We're all very impressed with your ability to navigate your database and various search engines to find out frivolous information on your readers in some lame attempt at intimidating them. However, threats of stabbing readers will not hide the truth that you are not very insightful in your sports coverage and do not have enough integrity to last in this business. Certain writers can be offensive and brash and pull it off because of something called talent. You are not in that category. Hope to see this letter in your next installment. Peace out, home slice.
I've been a sports writer for 18 years, home slice, at some of the best newspapers and websites in the country. You don't have to like my style, but you have to recognize the talent. Do it at once -- or I'll stab you with a fondue fork.
Are you required to write a handful of half-assed, reactionary articles each week on topics that you only pretend to care about? Is there any way you can scale that back and write one solid article each week instead on things that actually matter to you? And why do you bask in the glory of pissing off dumb people?
Yes. No. Because you're an easy target, Jeff.
From: R. Gates
Don't be sexist. Chicks hate that.
Broads don't like that term, Gatesy.
Nick Saban is despicable because he treats the media with the regards they have earned? He's not limp like you so-called columnists. He doesn't need a hug or some puff-piece column. The media just cannot relate to a man who will not sink to the level of a sycophant.

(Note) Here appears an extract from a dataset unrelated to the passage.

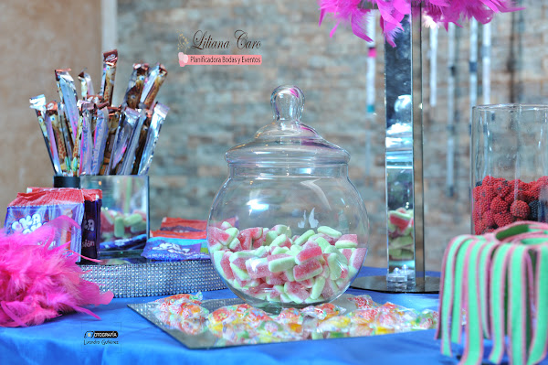 La decoración incluía unas muñecas que elaboré con una base y recreé los cuerpos, hice los vestidos, plumas, lentejuelas y las personalicé; les acompañaban unos antifaces y collares negros y azules turquesa.. las telas en el techo no podían faltar y por supuesto, la mesa de dulces.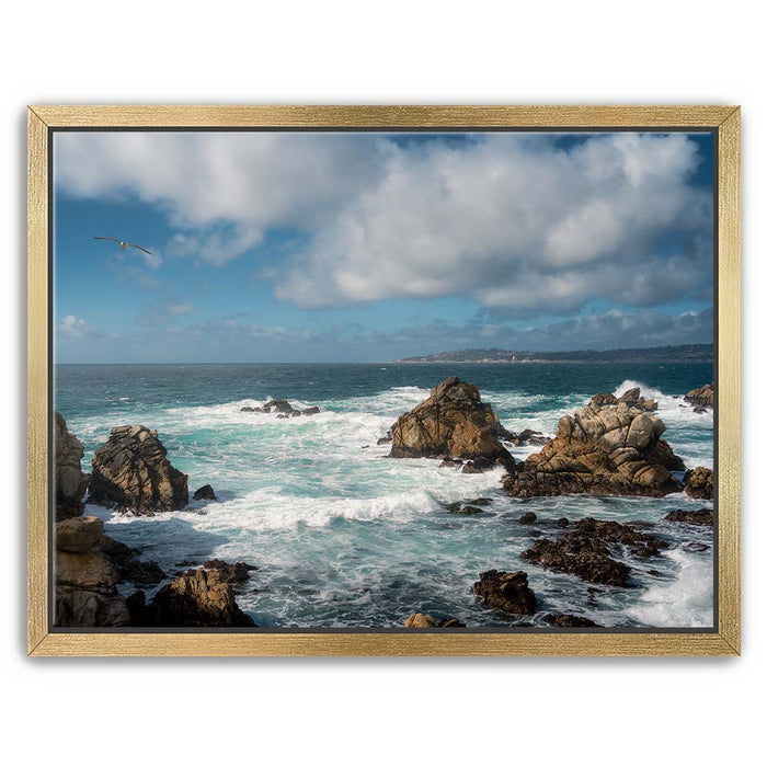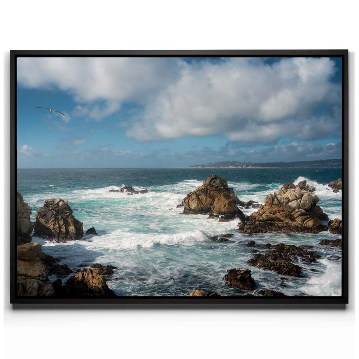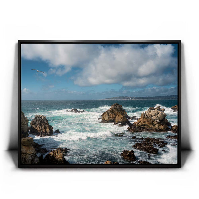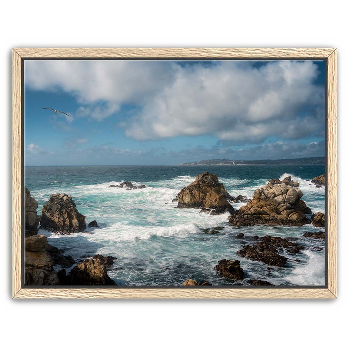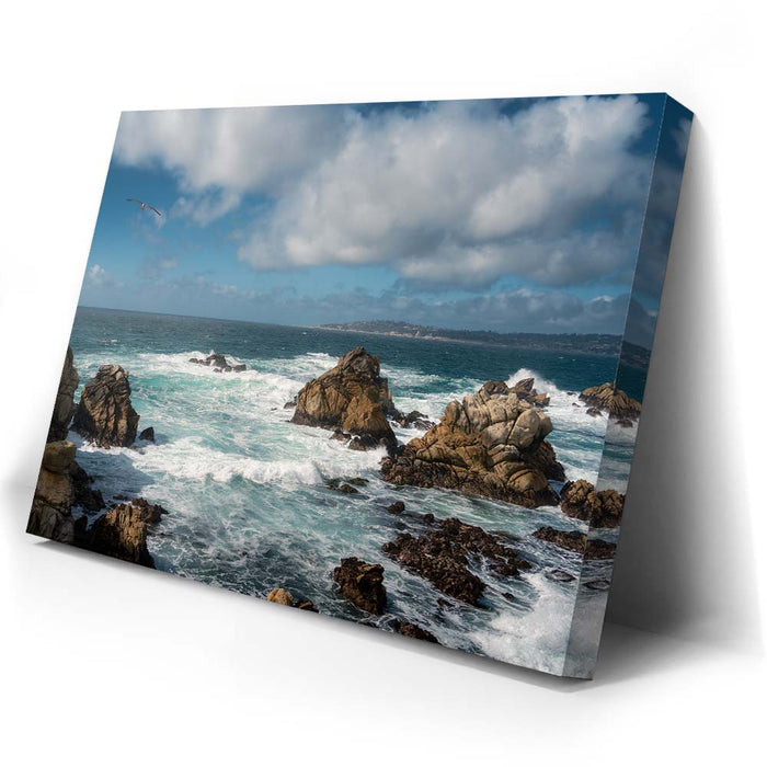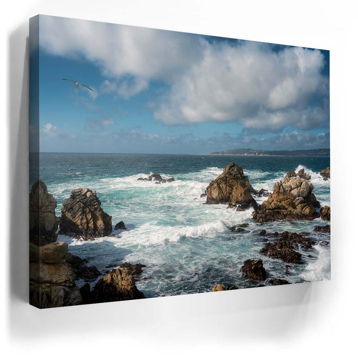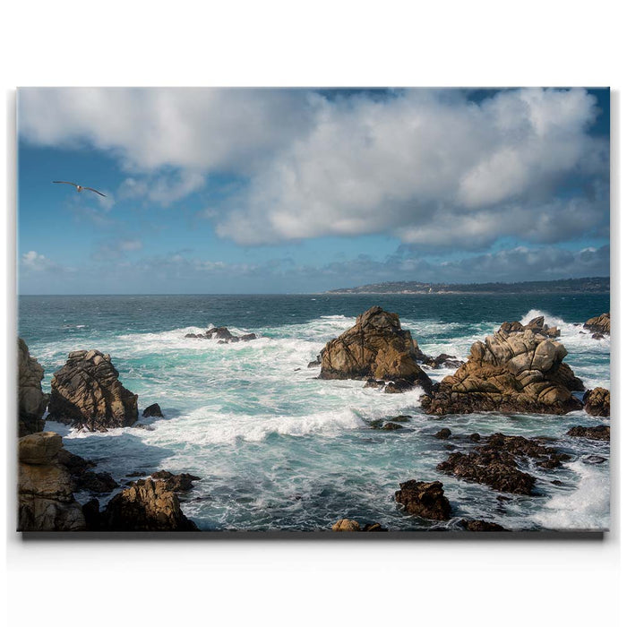The composition is further enhanced by a lone bird soaring over the azure waters, symbolizing freedom and the boundless beauty of nature. This piece perfectly encapsulates the wild elegance of California’s oceanscape, making it an ideal addition to any collection that celebrates natural beauty and coastal charm.

The only people who like Nick Saban -- the only people who have ever liked Nick Saban -- are fans of the team he's coaching at that moment. Everyone else hates him because he's a despicable guy who leaves a trail of hard feelings. You'll find out some day, Alabama fan.
From: Anders N.
Your article about UFC judging was garbage. You speculated, criticized and bad-mouthed Dana White. You wrote the article in a negative manner and then offered no positive solutions. Do you know that the judges work for the government and not Dana? How does Dana have ANY influence over them? Please stop writing about MMA -- you obviously don't know what you are talking about.
Stick to your UFC fanboy message boards, Anders. That's where you'll find people who think just like you do. Here on planet Earth, I'll continue to call it like I see it. And I can see Dana White has an enormous problem on his hands with UFC officiating.
From: Peter Gazzara
Can you tell me where I can find information about the ABC's Wide World of Sports TV show in the '70s and '80s ... Superteams? They had competition between many different sports teams and I would like to know which team sport did the best overall ... Thanks, Peter G.
Most random e-mail ever.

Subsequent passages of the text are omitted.